Descrição
Ligado, nos seus pormenores mais insignificantes, a um concreto regional, a narrativa revela-se como exemplo de verdadeiro realismo crítico. Nas suas incursões oníricas, sonda os comportamentos morais e socioeconómicos da pequena e média burguesia rural; dos “leaders” autárquicos e culturais, juntando os efeitos da ironia a uma linguagem ácida (pelo uso do palavrão e das variantes orais não dicionarizadas).

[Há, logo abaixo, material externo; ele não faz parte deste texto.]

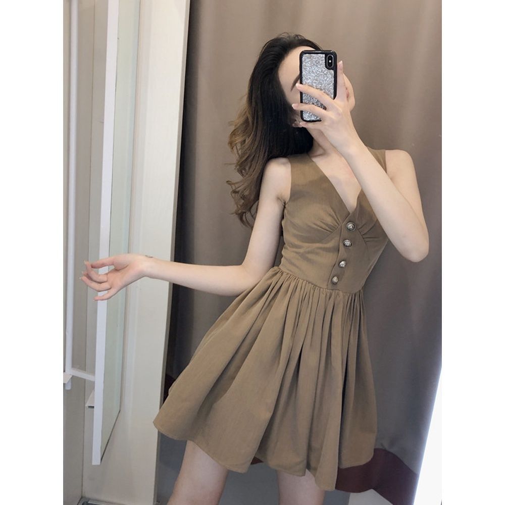 吊带连衣裙新款夏收腰心机裙子仙女超仙森系智熏裙法式桔梗裙

Partindo desta constatação de sentido e dos problemas postos e pendentes no universo romanesco de António Cabral, Luís F. Adriano Carlos definiu Memória Delta como um romance “caleidoscópico e telescópico”. Fazendo um levantamento das estruturas sémio-narrativas e discursivas, o professor de Literatura Moderna da Faculdade de Letras do Porto assinalou que a escrita de António Cabral, pela contextura da sua organização própria – que não pode ser desfeita – é uma grande anáfora e anamnese, como retroprojecção do sujeito à imagem do pensamento do teólogo, em que o centro repousa em toda a parte e em parte nenhuma. 1
Finalmente, não posso deixar de pôr em relevo a coragem deste livro ao assumir literalmente a função provocatória e contestatária da literatura sem o disfarce da alegoria e sem a má-consciência da alegria. Da base ao vértice da pirâmide do nosso sistema democrático, quase tudo é apanhado em flagrante. Mas atenção: longe de se pretender uma crítica à democracia, Memória delta envolve e desenvolve uma sátira dos costumes democráticos marcada por um ponto de vista ideológico intrínseco a uma ética do humano e da cultura e alheio às ideologias político-partidárias proliferantes. A democracia é concretamente perspectivada, à luz de uma implícita etimologia poética, não como “poder do povo” mas como escudo do demónio do Poder. O autor chama as coisas pelos nomes, depura os nomes de uma semântica mítica que a nossa consciência democrática já assimilou e que os diversos discursos sociais, políticos e politológicos já mais ou menos naturalizaram. Com mesura, sem censura. Sem aquela censura que os espíritos do éter democrático não impõem mas intimamente supõem. Por isso Memória delta é também uma grande aventura de António Cabral. 2
Um livro corajoso, uma escrita ágil e digressiva, mas coerente, com uma constante mudança de planos narrativos, onde não falta o humor, a sátira, a sensualidade, a paródia, o pícaro (talvez uma das maiores novidades deste romance), a denúncia dos jogos sub-reptícios do poder (local e central), e onde o acaso e as máscaras da sedução parecem destruir o destino de uma viagem – metáfora dum projecto humano e/ou dum país que se compraz em limitar-se a si mesmo.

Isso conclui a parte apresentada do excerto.